Resumen:
Today, programming courses are essential at the university level because they allow
students to develop the skills to apply or create new computer technologies, in
addition to oral and written language, computing and mathematical skills. However,
according to various studies, students often have difficulties during the coding
process, one of the factors is the interpretation of compiler error messages, which
by not fully understanding them either due to the language and its structure, can
frustrate or discourage them. The difficulty in interpretation is because a specific
error can produce different compiler messages depending on the context of the
program code.
This problem has been addressed using different approaches, on the one
hand, those that propose repairing the code and on the other, those that make the
compiler error messages more understandable.
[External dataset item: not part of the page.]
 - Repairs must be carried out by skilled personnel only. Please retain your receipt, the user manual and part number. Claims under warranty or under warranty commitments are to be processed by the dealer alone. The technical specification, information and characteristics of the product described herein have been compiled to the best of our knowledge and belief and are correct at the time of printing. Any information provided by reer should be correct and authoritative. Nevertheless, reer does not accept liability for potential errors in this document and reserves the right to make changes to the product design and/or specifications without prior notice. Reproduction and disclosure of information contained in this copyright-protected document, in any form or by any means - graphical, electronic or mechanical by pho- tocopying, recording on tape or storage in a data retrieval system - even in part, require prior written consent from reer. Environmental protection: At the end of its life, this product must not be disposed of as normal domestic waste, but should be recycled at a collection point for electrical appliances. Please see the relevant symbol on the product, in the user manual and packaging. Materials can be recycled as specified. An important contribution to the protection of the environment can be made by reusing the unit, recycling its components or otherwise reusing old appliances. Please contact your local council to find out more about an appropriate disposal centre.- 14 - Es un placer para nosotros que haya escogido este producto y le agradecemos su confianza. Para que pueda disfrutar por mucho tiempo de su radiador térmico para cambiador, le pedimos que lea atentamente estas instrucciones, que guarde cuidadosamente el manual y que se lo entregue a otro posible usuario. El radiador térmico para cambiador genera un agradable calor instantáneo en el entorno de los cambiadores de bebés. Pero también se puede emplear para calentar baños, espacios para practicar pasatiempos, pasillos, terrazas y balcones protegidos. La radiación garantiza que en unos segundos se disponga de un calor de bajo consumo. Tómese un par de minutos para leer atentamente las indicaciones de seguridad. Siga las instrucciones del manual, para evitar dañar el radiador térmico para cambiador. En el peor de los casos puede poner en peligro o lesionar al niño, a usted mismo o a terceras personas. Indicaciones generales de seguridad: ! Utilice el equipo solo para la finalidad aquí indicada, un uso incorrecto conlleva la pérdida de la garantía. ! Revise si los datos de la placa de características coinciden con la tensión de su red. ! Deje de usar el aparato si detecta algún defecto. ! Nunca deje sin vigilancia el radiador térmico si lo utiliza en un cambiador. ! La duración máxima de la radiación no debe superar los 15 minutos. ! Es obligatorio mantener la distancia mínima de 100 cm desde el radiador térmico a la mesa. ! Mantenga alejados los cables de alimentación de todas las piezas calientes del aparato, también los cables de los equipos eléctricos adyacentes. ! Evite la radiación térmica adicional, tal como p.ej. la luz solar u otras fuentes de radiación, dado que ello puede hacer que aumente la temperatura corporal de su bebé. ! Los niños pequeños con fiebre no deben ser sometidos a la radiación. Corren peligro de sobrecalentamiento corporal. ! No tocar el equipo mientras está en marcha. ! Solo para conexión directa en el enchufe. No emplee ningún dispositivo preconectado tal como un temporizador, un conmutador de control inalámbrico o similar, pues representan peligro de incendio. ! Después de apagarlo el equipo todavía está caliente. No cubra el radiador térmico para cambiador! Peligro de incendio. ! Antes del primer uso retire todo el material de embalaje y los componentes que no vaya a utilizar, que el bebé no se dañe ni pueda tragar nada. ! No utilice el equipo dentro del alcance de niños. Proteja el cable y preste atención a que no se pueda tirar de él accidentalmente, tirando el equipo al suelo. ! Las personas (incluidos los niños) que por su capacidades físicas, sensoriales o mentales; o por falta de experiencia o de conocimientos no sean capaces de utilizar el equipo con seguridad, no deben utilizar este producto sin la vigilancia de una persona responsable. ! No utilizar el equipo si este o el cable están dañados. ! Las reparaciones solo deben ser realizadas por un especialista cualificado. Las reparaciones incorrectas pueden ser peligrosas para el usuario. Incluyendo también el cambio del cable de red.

In this work, error-based learning is considered and instead of fixing errors in
the code, compiler error messages are used to provide feedback on syntax errors to
programming students. The feedback consists of four components: a translation of
the message into Spanish, syntax information about the language element, the
relationship of the error to possible causes, and the topic to be reviewed.
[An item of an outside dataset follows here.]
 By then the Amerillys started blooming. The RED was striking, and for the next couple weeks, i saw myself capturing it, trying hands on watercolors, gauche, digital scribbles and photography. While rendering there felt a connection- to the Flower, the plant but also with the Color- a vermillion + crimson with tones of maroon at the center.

The information provided is intended to help students understand the error so
they can rewrite the code and compile it correctly. To achieve this goal, a supervised
learning predictive model was built whose function is to predict the syntax error
according to the compiler error message. The corpus or set of documents was
generated through a process of injecting errors into model programs, subsequently
labeled according to the type of syntax error. The machine learning algorithms used
were Decision Tree, Support Vector Machine, Random Forest, Multi-layer
Perceptron and K-Nearest Neighbors, trained with 80% of the corpus and evaluated with the remaining 20%, achieving an accuracy greater than 90% for make new predictions and subsequently give feedback.